A one mole sample of an ideal monatomic gas at 400 K undergoes an isovolumetric process acquring 550 J of energy by heat. Next it undergoes an isobaric process during which is loses the same amount of energy by heat. Find the work done on the gas. Assume three degrees of freedom.
To find the work done on the gas, we need to use the First Law of Thermodynamics, which states that the change in internal energy of a system is equal to the heat added to the system minus the work done by the system.
First, let's calculate the change in internal energy of the gas during the isovolumetric process.
The isovolumetric process is a constant volume process, which means the gas does not change its volume. In this case, no work is done because work (W) is given by:
W = PΔV
where P is the pressure and ΔV is the change in volume. Since ΔV is zero in an isovolumetric process, the work done (W) is zero.
Now, let's calculate the change in internal energy (ΔU) during the isovolumetric process. The change in internal energy is given by:
ΔU = Q - W
where Q is the heat added to the system.
In this case, the gas acquires 550 J of energy by heat during the isovolumetric process, so Q = 550 J. Since W = 0, the change in internal energy (ΔU) is equal to the heat added to the system:
ΔU = 550 J
Next, let's calculate the change in internal energy (ΔU') during the isobaric process.
The isobaric process is a constant pressure process, which means the pressure of the gas remains constant. In this case, the work done (W') is given by:
W' = PΔV
where P is the pressure and ΔV is the change in volume.
Since the amount of energy lost by heat during the isobaric process is the same as the energy gained during the isovolumetric process (550 J), we know that Q' = -550 J.
Using the equation ΔU' = Q' - W', we can substitute the values:
ΔU' = -550 J - W'
Since the change in internal energy (ΔU') is equal to the heat added (Q') minus the work done (W'), we can rearrange the equation to solve for W':
W' = -550 J - ΔU'
Now, we need to calculate the change in internal energy (ΔU'). The change in internal energy for a monatomic gas is given by:
ΔU' = (3/2) nR ΔT
where n is the number of moles, R is the gas constant, and ΔT is the change in temperature.
In this case, we have a one mole sample of gas, so n = 1. The gas constant R is approximately 8.314 J/(mol·K). The temperature changes from 400 K to an unknown value.

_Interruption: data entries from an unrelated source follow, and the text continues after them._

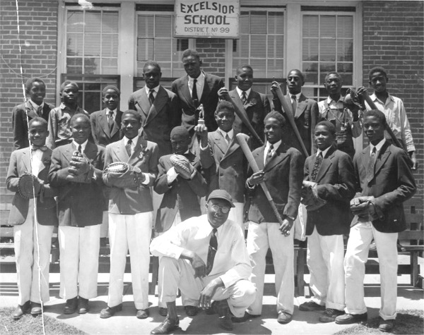 We have not positively identified this group, but we have reason to believe that it is a baseball team at the Excelsior Elementary School in Big Sandy, Texas. Excelsior was a black public elementary school. Internal evidence suggests that ithe photo was taken in the 1950s. |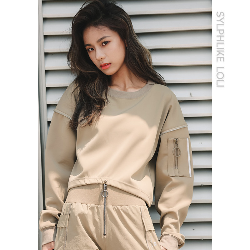 Rough Laurie Round - collar retro - sleeve long - sleeved trousers T spring coat female short fitness cover head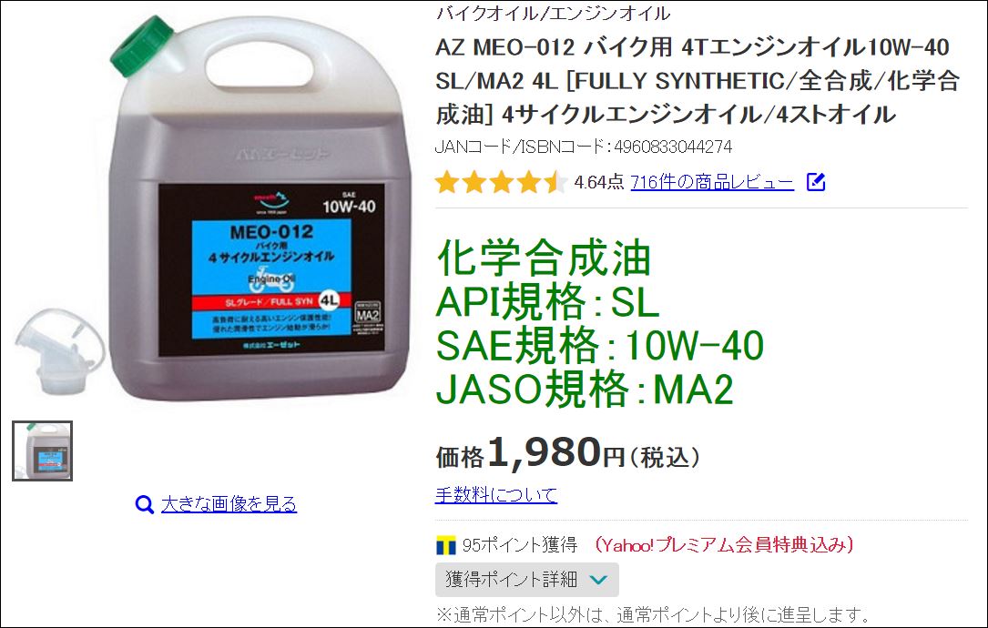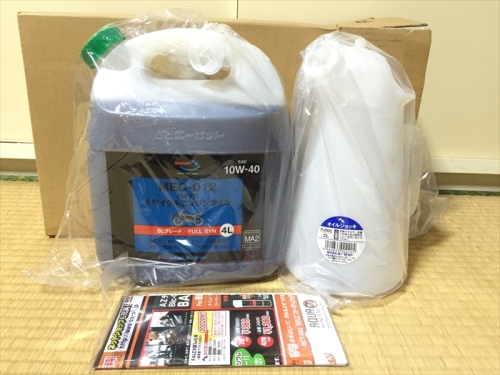 知り合いが安いけどいいというし、レビューもほぼ良いので注文してみた。AZ MEO-012 バイク用 4Tエンジンオイル10W-40 SL/MA2 4L [FULLY SYNTHETIC/全合成/化学合成油] 4サイクルエンジンオイル/4ストオイルたしかにレビューはほぼ良いものだらけ。オイルの表記はマジェスティSと適合しているけど果たしてどうかな?4Lで税込み・送料込みで1980円、しかもレビュー書くと蓋無しだけどオイルジョッキがオマケとして貰えるんだと。当然レビュー書くさもっともオイラは蓋付きの2Lのジョッキを買ってしまったけど。友人のS氏に差し上げようかしら?もっとも彼は自分でやらないかな。彼もお金で解決派だろうから6000キロになったらこれにしてみよう。大丈夫かなぁ・・・・。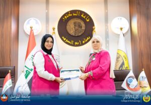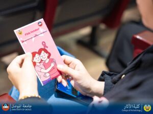 The College of Archaeology at the University of Mosul, represented by the Women’s Affairs Committee and the Cultural Unit of the Student Affairs Division, in cooperation with the College of Nursing, held a workshop entitled “Breast Self-Examination and Early Detection of Cancer” on Tuesday, October 28, 2025, in Dr. Behnam Abu Al-Souf Hall. The workshop was presented by Assistant Professor Yamama Zuhair Abdul Karim and Assistant Lecturer Rana Mohammed Jassim. The workshop addressed the importance of early detection of breast cancer and self-examination. It also aimed to raise health awareness among the academic community regarding the importance of early detection of breast cancer and methods of prevention.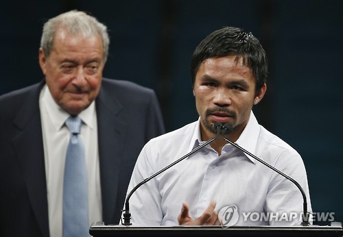 | △ 메이웨더와 경기 후 기자회견하는 매니 파키아오 (AP=연합뉴스 자료사진) |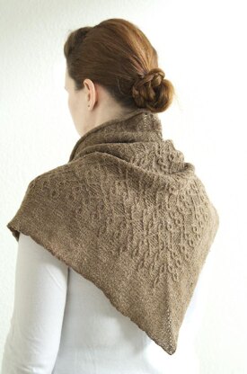 The shawl is knit from the top down with a tab cast on. The body of the shawl is knit in reverse stockinette with a raised cable pattern. The edges of the shawl are also knit in reverse stockinette creating a rolled edge.

ΔU' = (3/2) * (1) * (8.314 J/(mol·K)) * ΔT
ΔU' = 12.471 J/mol·K * ΔT
Now, we substitute this value back into the equation for W':
W' = -550 J - 12.471 J/mol·K * ΔT
To find the value of ΔT, we need to use the ideal gas law. The ideal gas law is given by:
PV = nRT
where P is the pressure, V is the volume, n is the number of moles, R is the gas constant, and T is the absolute temperature.
Since the process is isobaric (constant pressure), the pressure remains constant. Therefore:
PΔV = nRΔT
Since the volume is constant in the isovolumetric process, ΔV is equal to zero. Therefore:
0 = nRΔT
From this, we find that ΔT = 0.
Now we can substitute ΔT = 0 into the equation for W':
W' = -550 J - 12.471 J/mol·K * ΔT
W' = -550 J - 12.471 J/mol·K * 0
W' = -550 J
Therefore, the work done on the gas during the isobaric process is -550 J.